En daar ging de kleine zelfstandige de volgende ochtend, rugzak om, zwaaiend en niet meer achterom kijkend, tenminste, dat denk ik, want ik kon het door mijn tranen niet goed zien. Mijlpaal nummer zoveel, hoezee! Ik dacht dat het makkelijker zou worden naarmate ze ouder werden…

Terwijl ik ’s middags gespannen op het tuinbankje zat te wachten op de veilige thuiskomst van Zoon, vertelde een buurvrouw dat ze hem ’s ochtends had zien gaan en ons had zien staan zwaaien. No way, dat haar kinderen óóit alleen naar school zouden gaan. Ze zou ze blijven brengen tot ze afgestudeerd waren, of ze dat nu leuk vonden of niet. Ik ben gelukkig niet de enige, met zo’n blinde moedervlek.

dinsdag 30 juni 2015

JuNiet

Schoolfeest, avondvierdaagse, uitvoering, rapportgesprek, afsluitende bbq’s, pannenkoeken voor atletiek, toetsen, festivals, toernooien, schoolreisje, wedstrijdjes, verjaardagsfeesten, juffendag, afscheidslunches en -borrels. ‘Zullen we nog een keer afspreken voor de vakantie, want anders zien we elkaar zo lang niet’. De laatste dit en de laatste dat vóór de vakantie en ‘het zou mooi zijn als je het nog afkrijgt vóórdat je weg bent’ (zodat het daarna zes weken ergens ligt te verstoffen, totdat iemand er weer iets mee gaat doen). Alsof de wereld vergaat zodra iedereen vrij is! Het lijkt wel of het elk jaar erger wordt en de maand juni stiekem steeds korter.
Vroeger was het mijn lievelingsmaand: een aangenaam aanloopje naar de zomervakantie.
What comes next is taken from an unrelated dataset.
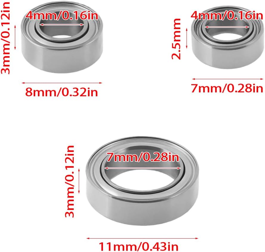 Compatibile con Wltoys l'auto RC 1/14 144001, ma si adatta anche ad altre auto RC. La confezione include 6 cuscinetti a sfera 4x7x2,5 mm, 6 cuscinetti a sfera 4x8x3 mm, 6 cuscinetti a sfera 7x11x3 mm. Realizzati con materiali di prima qualità, questi cuscinetti a sfere sono progettati per resistere a un uso intensivo, garantendo un'affidabilità duratura e un attrito ridotto. Grazie a un semplice processo di installazione, questo set di cuscinetti ti consente di potenziare rapidamente la tua auto RC e di godere di una maneggevolezza migliorata e di una ridotta usura delle parti mobili. Nota : Per ottenere prestazioni migliori e una lunga durata, aggiungere olio lubrificante prima dell'uso.

Alvast wat boodschapjes doen, stapeltje boeken uitzoeken, beetje verdiepen in het land van bestemming (écht, serieus, ik lieg niet), mijn bureau op het werk netjes opgeruimd achterlaten, terwijl al mijn werk af was (ook hier weer geen woord gelogen, onvoorstelbaar, maar waar) en de dagen lekker loom aftellen tot we vertrokken. Maar sinds Kind is juni een rollercoaster geworden. Zzzzzoef, opeens zit je in de auto naar… ‘Shit, waar gingen we nou ook alweer heen?’. Met zweet op het voorhoofd vraag ik me af wat we deze keer allemaal voor belangrijke en onmisbare zaken vergeten zijn. Aaargh! Juni is gewoon Niet te doen!
Natúúrlijk, het zijn allemaal leuke dingen en het is een ordinair luxeprobleem, maar je zult maar allebei werken, sporten, vrienden, familie en één of meerdere kinderen hebben! Dan heb je het allereerst over Rijkdom, maar je ligt ook met je hele gezin aan het eind van de maand op apegapen.
Er zou eigenlijk een soort Personal Family Coördinator moeten komen of een Mindfullnestraining met een specialisatie voor moeilijke maanden. Waren ze niet ook al ergens heel ver met klonen? Mmm, misschien wel wat voor mij, ‘MAAR NU EVEN NIET!’.
Fijne vakantie allemaal!

woensdag 3 juni 2015

Broertjes

Broertjes. Ik was er mee aan het kamperen laatst. Nu wist ik natuurlijk al dat jongens anders in elkaar zitten dan meisjes, maar wanneer die jongens dan ook nog eens een broer hebben, berg je dan maar! Omdat ze niet voor elkaar willen onderdoen, steken ze elkaar aan één stuk door de loef af.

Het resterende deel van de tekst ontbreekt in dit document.